Orwell had known Dickens almost all his life, and could recall, before the age of 10, "having Dickens ladled down my throat by schoolmasters". When he grew to adulthood and became a novelist he came to identify with Dickens' mission to express his moral vision in fiction, and, in 1940, included him in a short list of the writers "I care most about and never grow tired of". One friend later remembered that "He and my husband used to talk endlessly about Dickens. He loved that." Orwell wrote on the subject throughout his professional life from his first published essay, in 1928, to his last, a review of Hesketh Pearson's biography, in 1949.
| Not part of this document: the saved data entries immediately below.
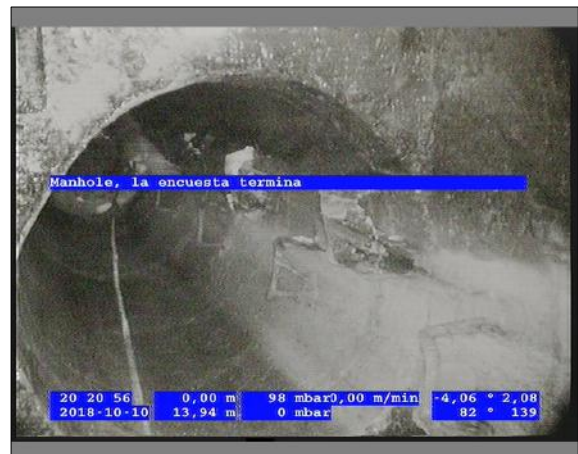
Foto: 8_4A 13,94m, Manhole, la encuesta termina / Ninguna, dentro de los parámetros admisibles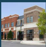
Plans de protection et de sécurité incendie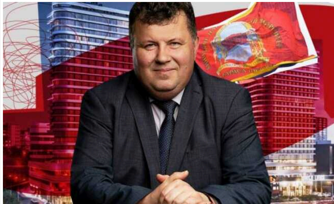
Ректор університету Шевченка став власником майна в елітній новобудові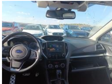
Imagen - 14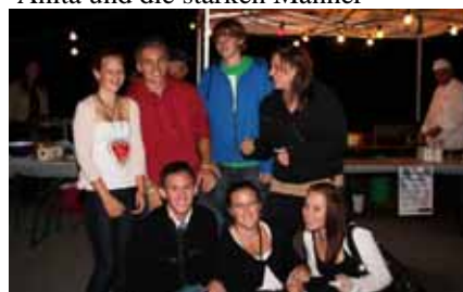
Gemeinschaft der Jugendlichen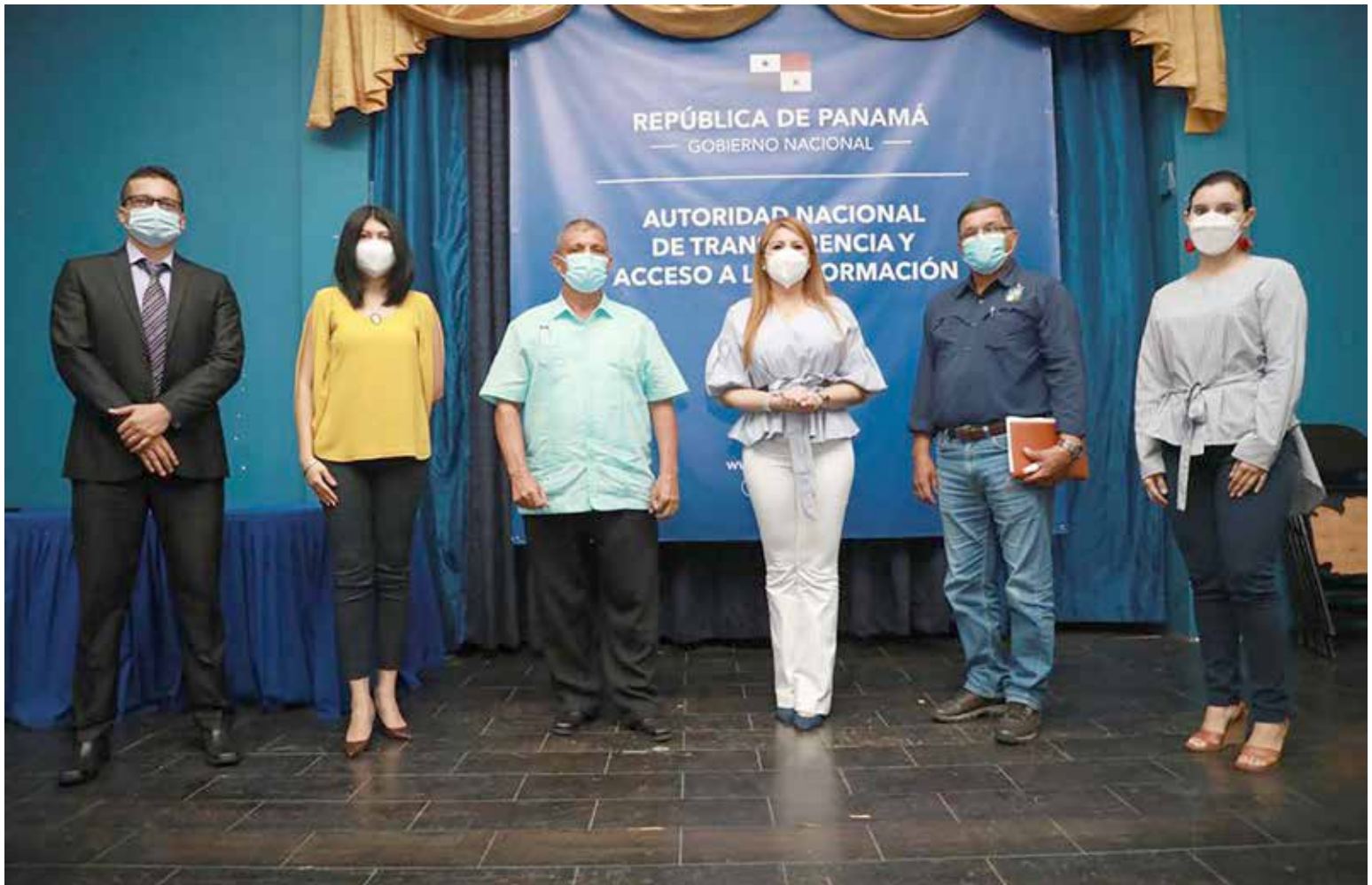
Lanzamiento del proyecto de Auditorías Sociales en la provincia de Coclé.

== Composition and publication ==

The writing of the essay took Orwell from May to July 1939. It was published on 11 March 1940 by the firm of Victor Gollancz in Inside the Whale and Other Essays, a collection of three works by Orwell on literary subjects. It was reprinted with some revisions in his later collection Critical Essays (1946) (published in the US as Dickens, Dali & Others), and in Collected Essays (1961).

== Thesis ==

Orwell balances Dickens' faults as a writer with his virtues. Against his sentimentality, lack of poetic feeling, unrealistically happy endings, poor construction, and failure to present genuine tragedy or to reflect the changing conditions of contemporary life Orwell sets his unforgettable characters, talent for description, and vitality of invention. But Orwell's critique of Dickens' work goes beyond narrowly literary concerns into sociological, political and historical ones. Reacting against the views previously advanced by T. A. Jackson that Dickens was a revolutionary writer in the Marxist sense and by G. K. Chesterton that he was a champion of the working class, Orwell holds in this essay that he was a thoroughly bourgeois writer who, however sympathetic with some, at least, of the poor, had no intimate knowledge of their way of life. Having no political solution to the social problems of his time, Orwell argues, Dickens could only call for men to behave more decently towards one another. Dickens, in fact, embraced a liberal humanitarianism whose virtues – decency, honesty, generosity and compassion – Orwell sincerely admired, and he suggested that Dickens' "merely moral criticism of society" might be more truly revolutionary than any fashionable brand of "politico-economic criticism".

== Reception ==

It is clear in retrospect that, more than any other influence, the publication of Orwell's essay, Edmund Wilson's "Dickens: The Two Scrooges" (1941), and the Nonesuch edition of Dickens's letters created the modern view of Dickens as a major literary figure rather than merely a successful self-taught popular novelist. There is wide agreement among critics that Orwell's "Charles Dickens" is one of his greatest essays and "a model of practical criticism", essential to any study of its subject. V. S. Pritchett, writing in 1950, thought it "the best English appreciation of Dickens of our time". It should, in J. R. Hammond's opinion, "be studied carefully by any reader interested in either Dickens or Orwell". Jeffrey Meyers praised its "freshness, vigour and suggestiveness", and even Richard Rees, who considered it "not strikingly original or profound", conceded that it was "one of his most attractive studies". Edmund Wilson, while finding them both original and interesting, thought that this and Orwell's essay on Kipling suffered from "a tendency to generalize about the first-rate writer, the whole work of a man's career, without following his development as an artist...and from a habit of taking complex personalities too much at their face value, of not getting inside them enough."

Critics from Eric Bentley and George Woodcock to Jeffrey Meyers have found Orwell's portrayal of Dickens as a writer and a man – the 19th-century liberal who honoured fairness, family life, peacefulness, and the decency of common people, and who hated bullying and tyranny – strangely reminiscent of Orwell himself. Richard Rees believed that "the open fighting, the generous anger, the freedom of intelligence [Orwell here found in Dickens] are all characteristics of Orwell's own writing".